PROBLEM STATEMENT
In this exercise, return the whole listing exactly, excluding any images.

INFORMATION SUPPLIED
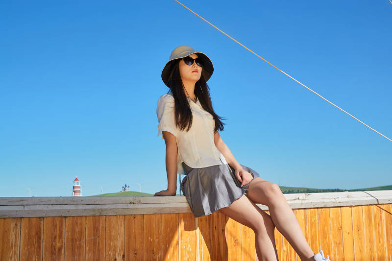 盛夏在景區(qū)湖邊燈塔上拍照游玩的美女
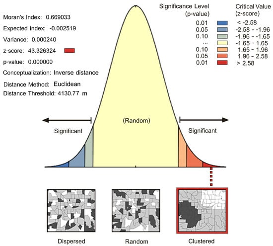 The spatial autocorrelation report from the Moran’s I technique of the ArcMap 10.2.2 software. The figure indicates that there is a high spatial autocorrelation in this study.
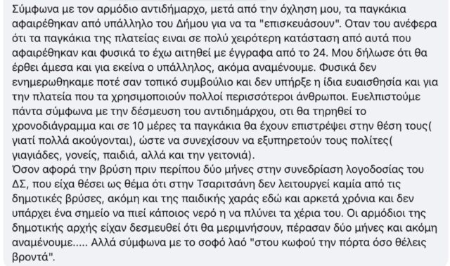 Αναρτήσεις κατοίκων το επισημαίνουν με αγανάκτηση για το γεγονός ότι η πλατεία τους με αυτόν τον τρόπο γυμνώνεται όλο και περισσότερο.

YOUR RESPONSE
 盛夏在景區(qū)湖邊燈塔上拍照游玩的美女
 The spatial autocorrelation report from the Moran’s I technique of the ArcMap 10.2.2 software. The figure indicates that there is a high spatial autocorrelation in this study.
 Αναρτήσεις κατοίκων το επισημαίνουν με αγανάκτηση για το γεγονός ότι η πλατεία τους με αυτόν τον τρόπο γυμνώνεται όλο και περισσότερο.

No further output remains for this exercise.